The value of W is 5.602 kJ, Q is -70.6 kJ, change in U is -65 kJ, and change in H is -70.3 kJ.

Explanation:

Based on the given information, the mass of CH3OH given is 64 grams, which is condensed isothermally and reversibly to liquid at 64 degrees C. The given standard enthalpy of vaporization of methanol at 64 degrees C is 35.3 kJ per mole.

The moles of CH3OH can be determined by using the formula,  

Moles = Mass / Molar mass

= 64.0 grams / 32.0 grams per mole

= 2 mol

The amount of energy given by the process of condensation is,  

ΔH = 2 mol × 35.3 kJ/mol = 70.6 kJ

In condensation heat is given off, thus, it is an exothermic process, hence, q will be -70.6 kJ

The work or W can be calculated by using the formula,  

W = -P ΔV

Let us first find the volume of 2.0 mole gas at 64 °C, or 64 + 273 = 337 K,  

PV = nRT

V = nRT/P

= 2 mol × 0.08206 L atm per mol K × 337 K/1 atm

= 55.3 L

As the liquid condenses in the process, the change in volume would be negligible.
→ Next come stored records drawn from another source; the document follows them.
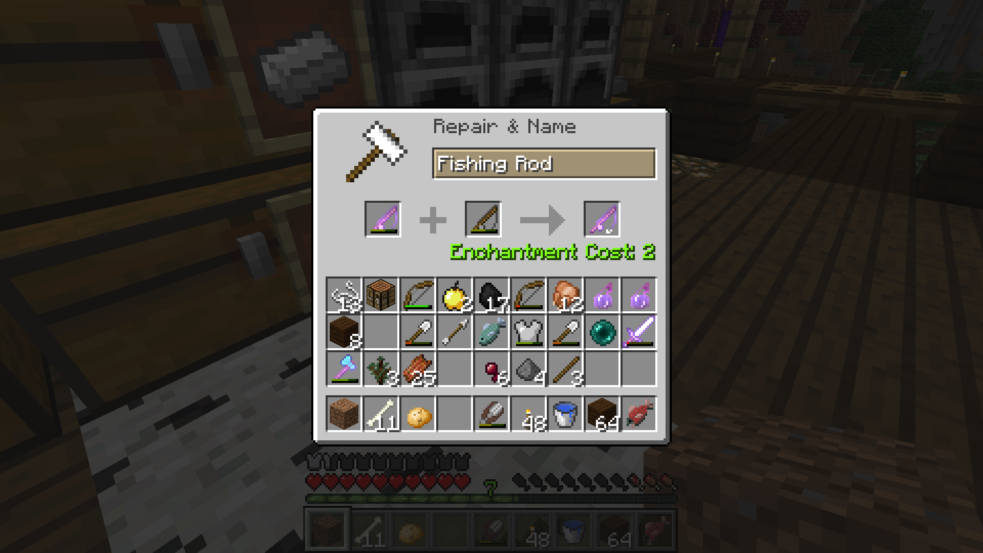 When repairing an enchanted item in an anvil with another item, the cost is increased when the enchanted item is placed in the second slot.
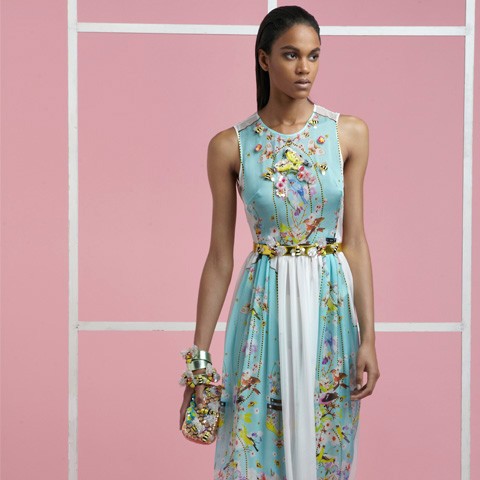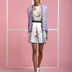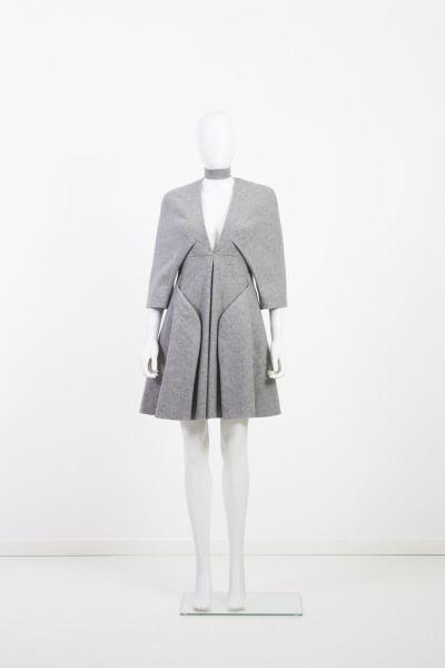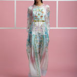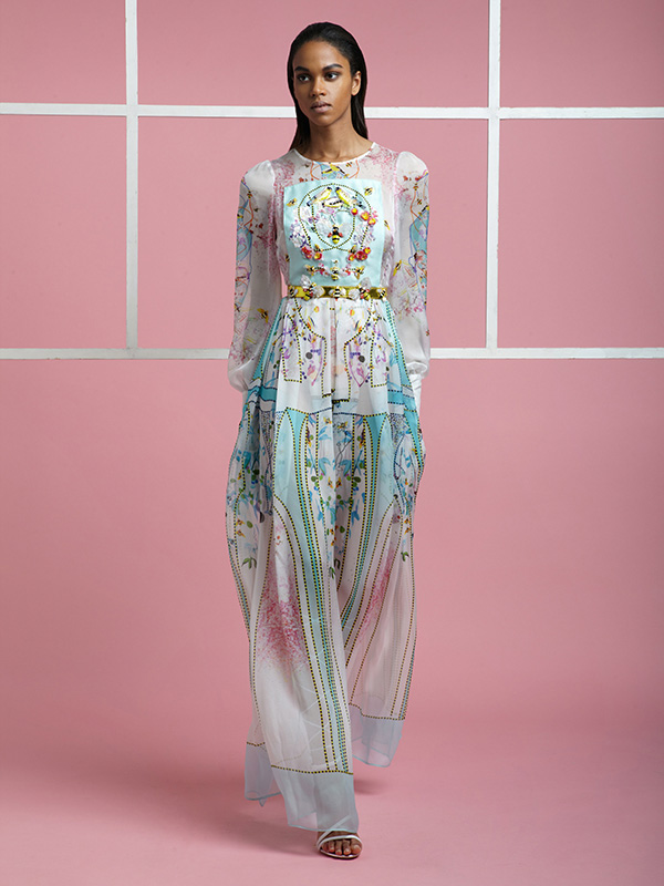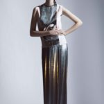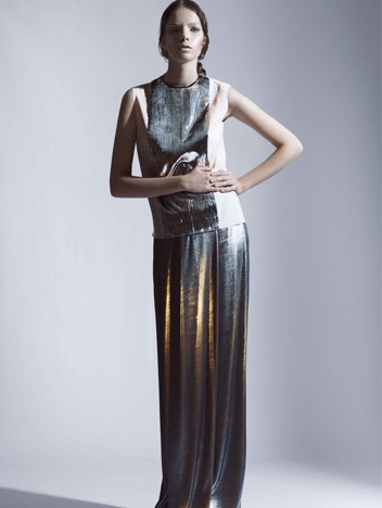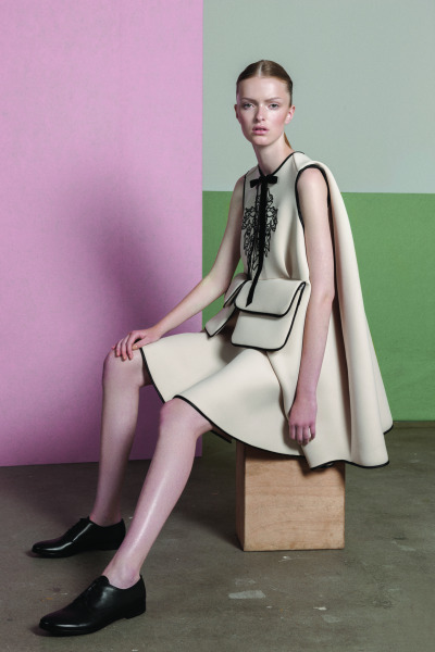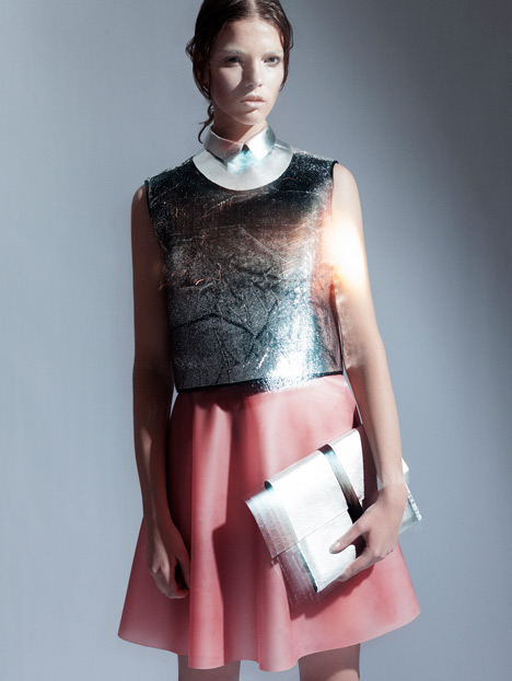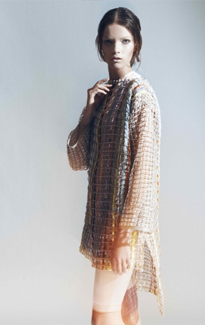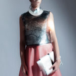 In effetti Ravn è da sempre un paladino del concetto di “slow fashion” alla base del fatto a mano, che nelle sue collezioni si concretizza in un ossimorico “massimalismo minimalista”, giocato su forme delicate, uso di tagli intricati e molti dettagli, nel tentativo di rendere scultoree forme all’apparenza lineari. Nelle sue creazioni ci colpiscono soprattutto i delicati motivi a pergamena, i grembiuli-tabarro e le spalle scolpite, dove dominano color nude e argento, attinti dalle pagine di un libro sulle armature medievali (che egli ha casualmente trovato a Vienna). Ne è sortita un’intrigante linea di lingerie portata sotto imbracature in velluto che richiamano le geometrie delle vetrate gotiche in vetro policromo, e poi una cotta di maglia rivisitata con un soffice maglione intrecciato a fili multicolor. La sua interpretazione ludica di un tema piuttosto serio si fa dolcemente futuristica se abbinata a pochette porta-iPad e creepers argento alte 10 centimetri, create in collaborazione con la griffe inglese Underground Shoes. Anche il look che ha ideato per Chloé merita una citazione: un cocktail dress in rete corallo con gonna a palloncino, indossato sotto un blouson in neoprene con spalle scese, un outfit very chic.
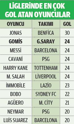 Geride kalan 24 haftada 24 gole imza atan Gomis sadece 30 gol kaydeden Benfica'nın yıldızı Jonas'ı geçemedi.
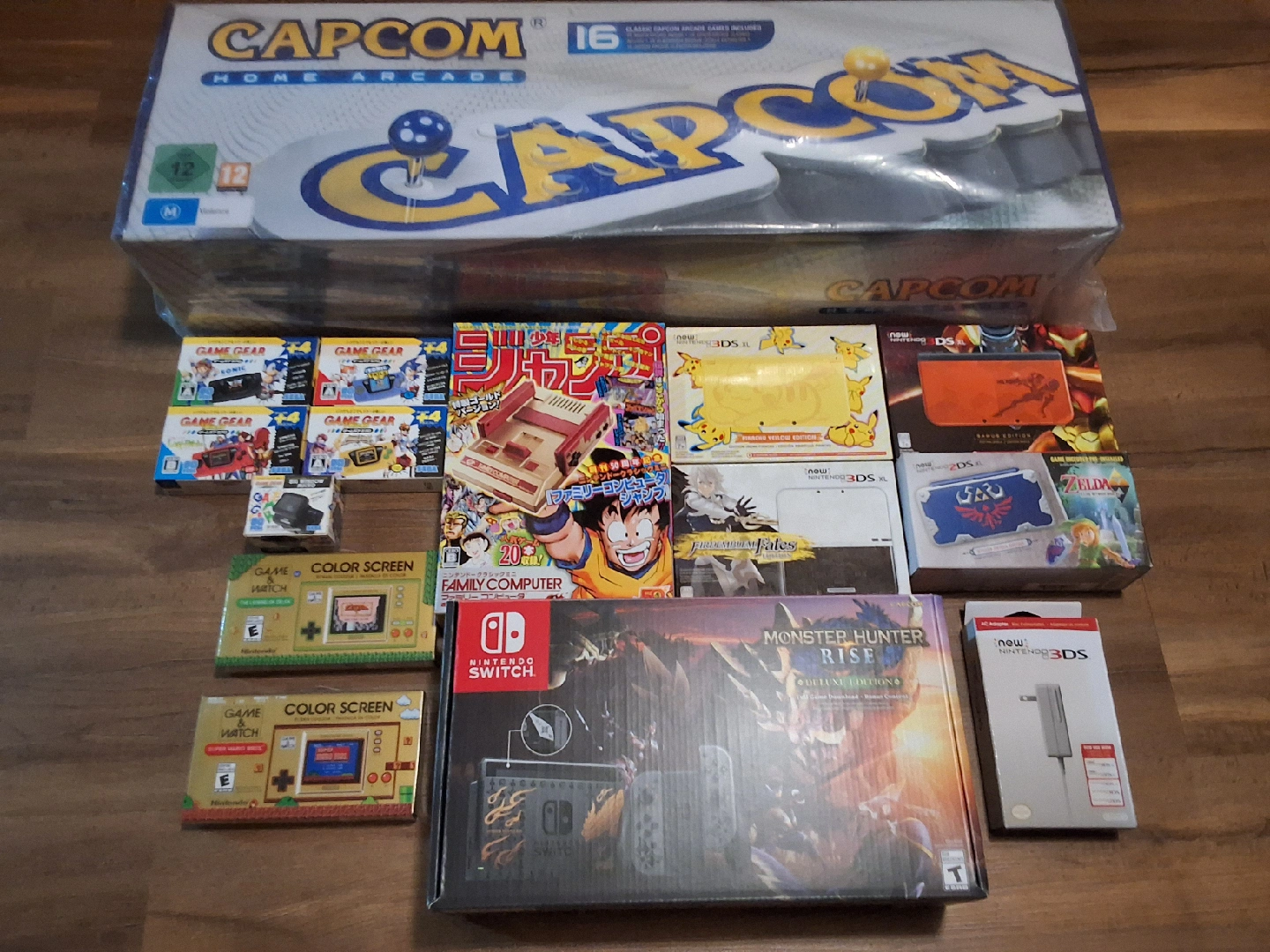 65[Console/NEW] •capcom home arcade(only available in UK & Japan): $700 •Game gear mini complete collection(only sold in Japan): $400 •Famicom gold mini(only sold in Japan) : $150 •New 3ds xl Pikachu edition : $1500 (SOLD) •New 3ds xl metroid edition : $1500 •New 3ds xl fire emblem edition : $2000 •New 2ds xl the legend of zelda link between world shield edition : $1800 •New 3ds official charger : $40 •game and watch super Mario: $60 •game and watch the legend of zelda : $80 •monster hunter rise switch console : $450 •Genesis mini 2 : $300

So, the volume change will be -55.3 L

W = - 1 atm × - 55.3 L

W = 55.3 L.atm

W = 55.3 L.atm × 101.3 J/1 L atm = 5602 J

W = 5602 × 1 kJ / 1000 J = 5.602 kJ

W = 5.602 kJ

Now U can be calculated using the formula,  

U = q + W

= -70.6 kJ + 5.602 kJ

= -65. kJ

Thus, q = -70.6 kJ, W = 5.602 kJ, U = -65 kJ, and ΔH = -70.3 kJ.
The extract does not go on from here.